▶ **Exercise data**
[Start of Attachment]

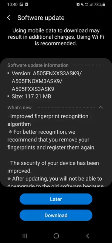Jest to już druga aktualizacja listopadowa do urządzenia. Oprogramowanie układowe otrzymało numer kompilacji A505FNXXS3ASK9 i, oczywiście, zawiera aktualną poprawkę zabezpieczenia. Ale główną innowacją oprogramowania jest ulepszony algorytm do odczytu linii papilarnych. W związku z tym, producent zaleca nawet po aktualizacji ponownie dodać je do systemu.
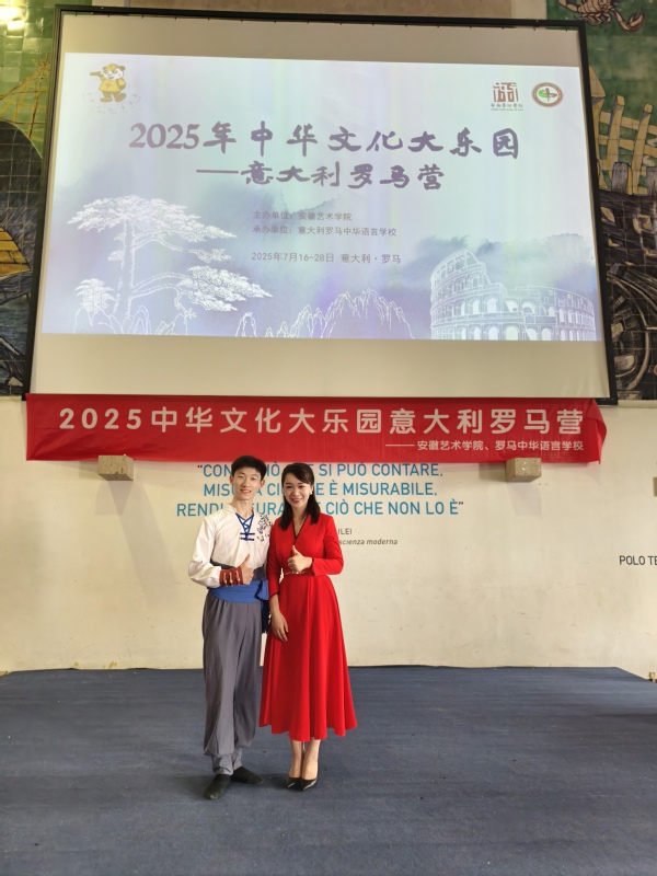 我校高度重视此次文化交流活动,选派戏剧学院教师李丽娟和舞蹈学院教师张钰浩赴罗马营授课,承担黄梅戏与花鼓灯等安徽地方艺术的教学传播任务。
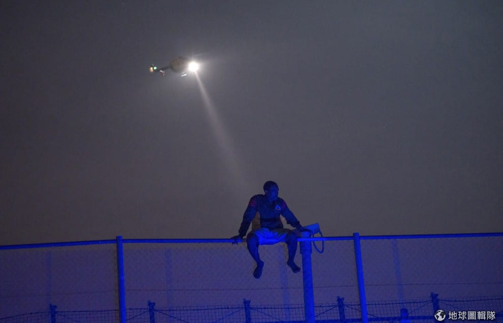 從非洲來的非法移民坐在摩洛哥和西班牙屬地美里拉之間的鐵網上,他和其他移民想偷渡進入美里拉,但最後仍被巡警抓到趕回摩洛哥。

[End of Attachment]
[Start of Attachment]

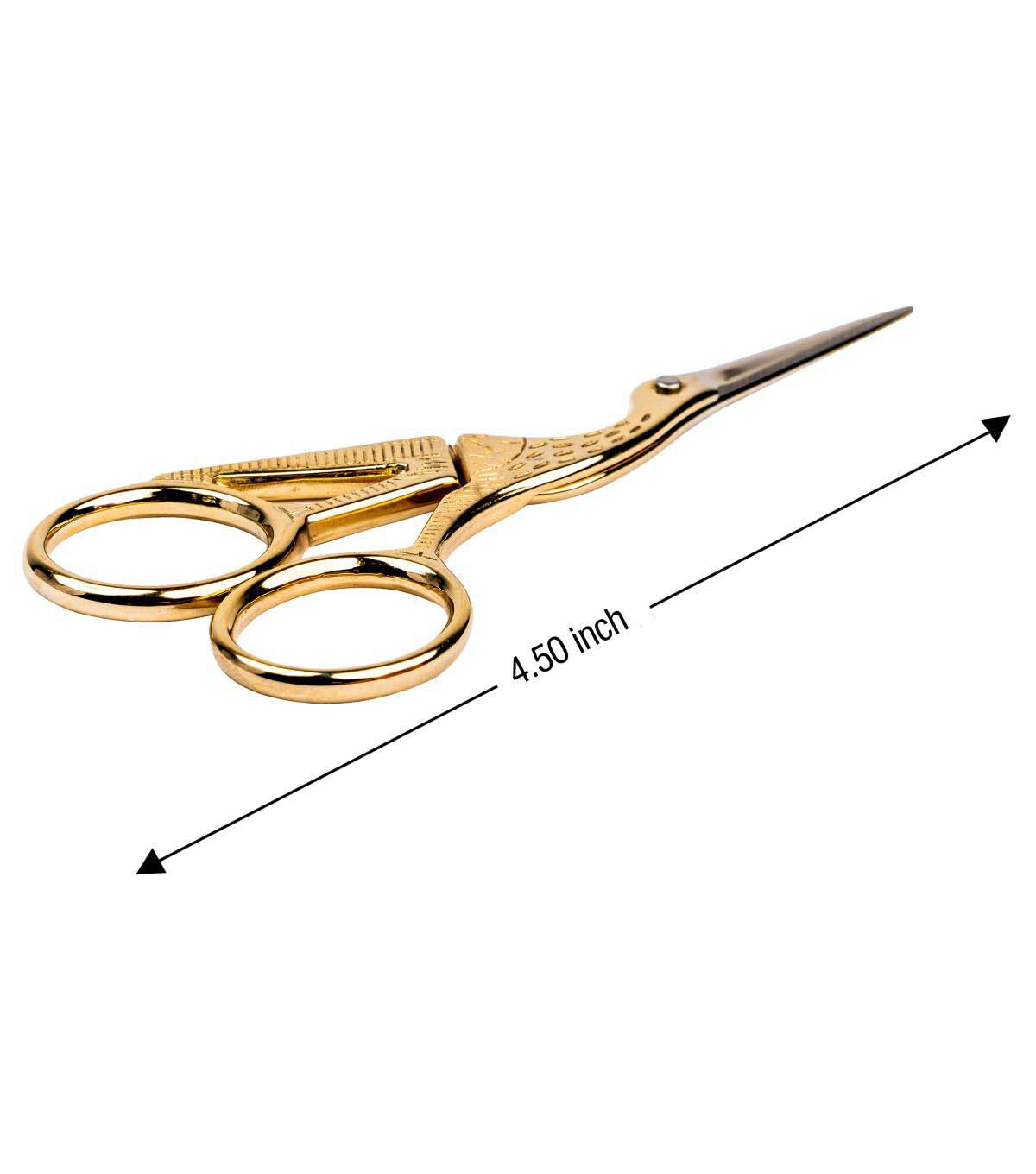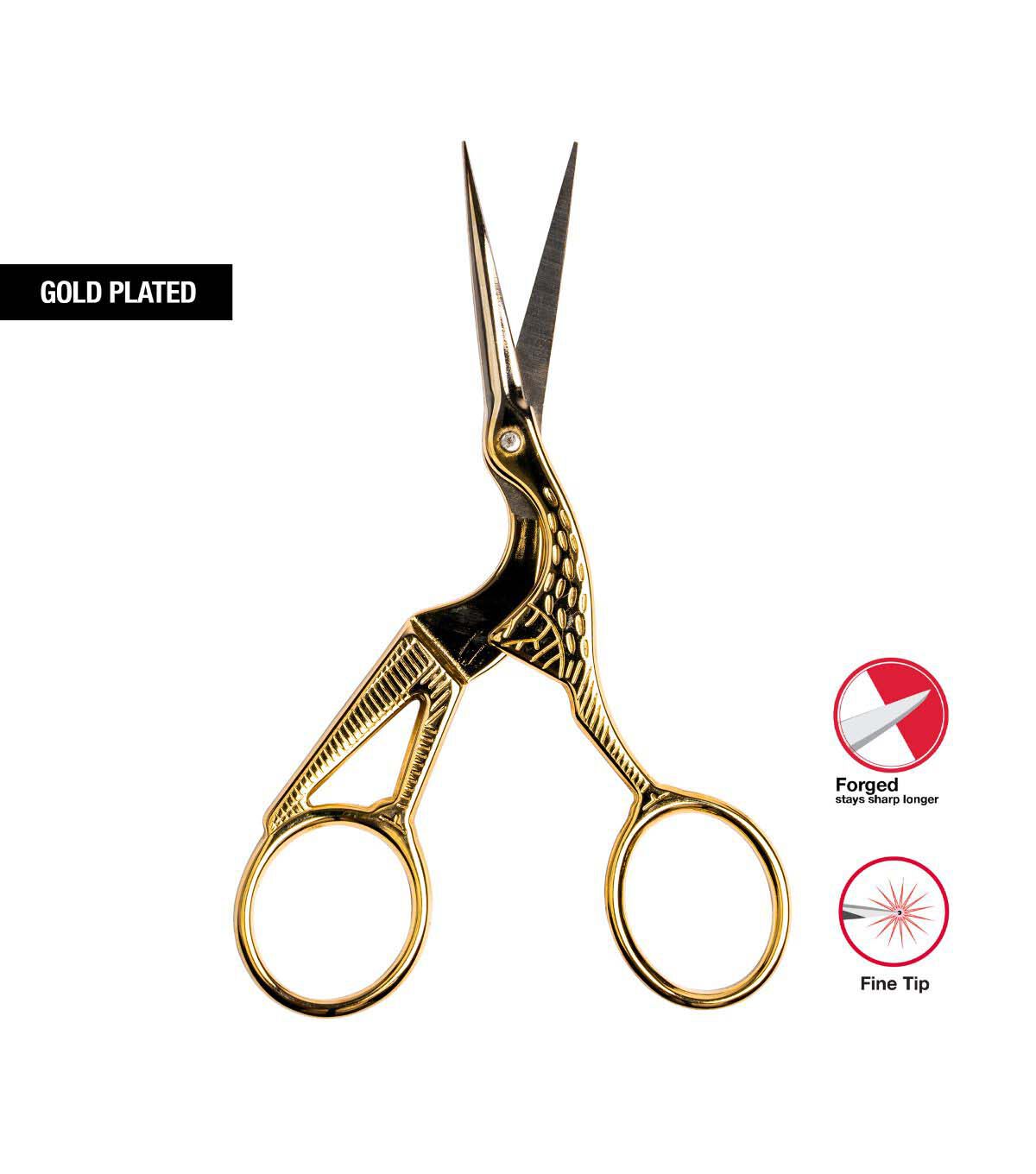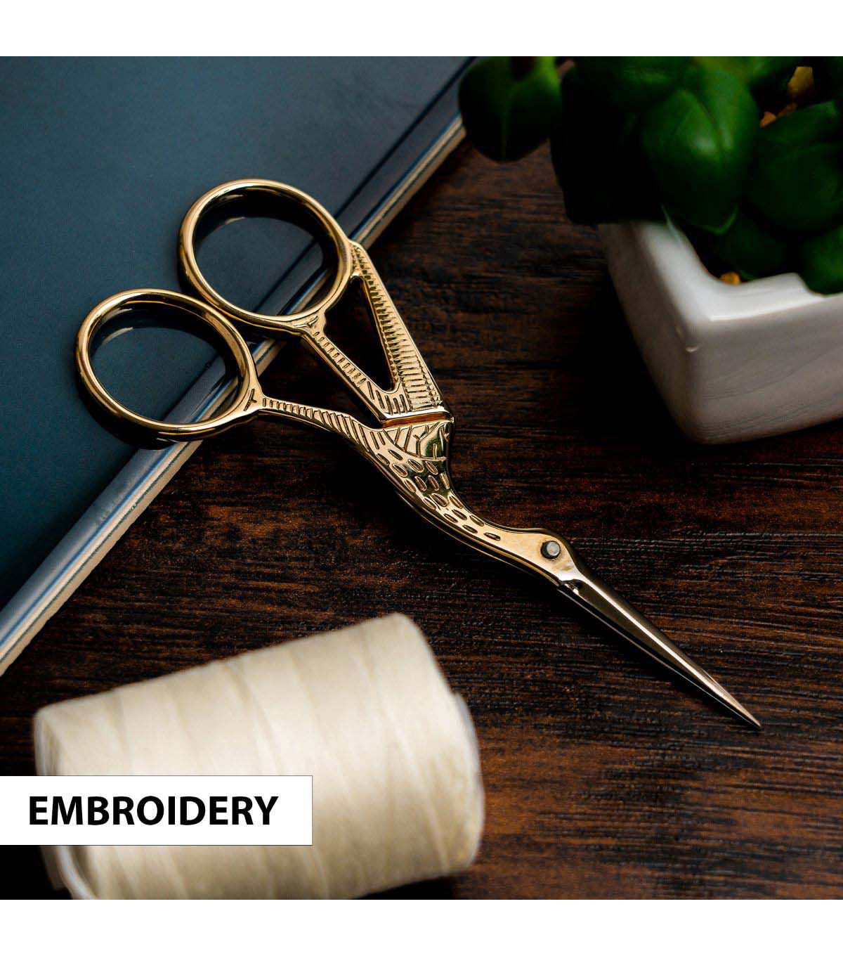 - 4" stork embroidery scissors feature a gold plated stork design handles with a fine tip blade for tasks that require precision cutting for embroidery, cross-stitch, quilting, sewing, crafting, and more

[End of Attachment]
[Start of Attachment]

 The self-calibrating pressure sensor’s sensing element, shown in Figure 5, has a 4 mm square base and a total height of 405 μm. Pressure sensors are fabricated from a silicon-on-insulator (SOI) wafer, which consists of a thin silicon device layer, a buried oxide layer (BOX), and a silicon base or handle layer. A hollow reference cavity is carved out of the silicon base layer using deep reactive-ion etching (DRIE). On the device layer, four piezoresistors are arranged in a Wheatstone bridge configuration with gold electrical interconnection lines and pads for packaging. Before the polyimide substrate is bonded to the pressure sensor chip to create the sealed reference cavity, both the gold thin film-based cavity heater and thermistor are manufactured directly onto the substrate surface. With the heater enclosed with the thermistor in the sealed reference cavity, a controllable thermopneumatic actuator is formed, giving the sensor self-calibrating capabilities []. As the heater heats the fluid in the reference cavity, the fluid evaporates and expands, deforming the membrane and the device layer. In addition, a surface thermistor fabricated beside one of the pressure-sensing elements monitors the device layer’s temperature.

[End of Attachment]

▶ **Exercise directions**
Above are the records; return the lines in them from the one with "Jest to już" to the one with "從非洲來的非法移民坐在摩洛哥", inclusive, exactly and without images.

▶ **Result of this task**
Jest to już druga aktualizacja listopadowa do urządzenia. Oprogramowanie układowe otrzymało numer kompilacji A505FNXXS3ASK9 i, oczywiście, zawiera aktualną poprawkę zabezpieczenia. Ale główną innowacją oprogramowania jest ulepszony algorytm do odczytu linii papilarnych. W związku z tym, producent zaleca nawet po aktualizacji ponownie dodać je do systemu.
 我校高度重视此次文化交流活动,选派戏剧学院教师李丽娟和舞蹈学院教师张钰浩赴罗马营授课,承担黄梅戏与花鼓灯等安徽地方艺术的教学传播任务。
 從非洲來的非法移民坐在摩洛哥和西班牙屬地美里拉之間的鐵網上,他和其他移民想偷渡進入美里拉,但最後仍被巡警抓到趕回摩洛哥。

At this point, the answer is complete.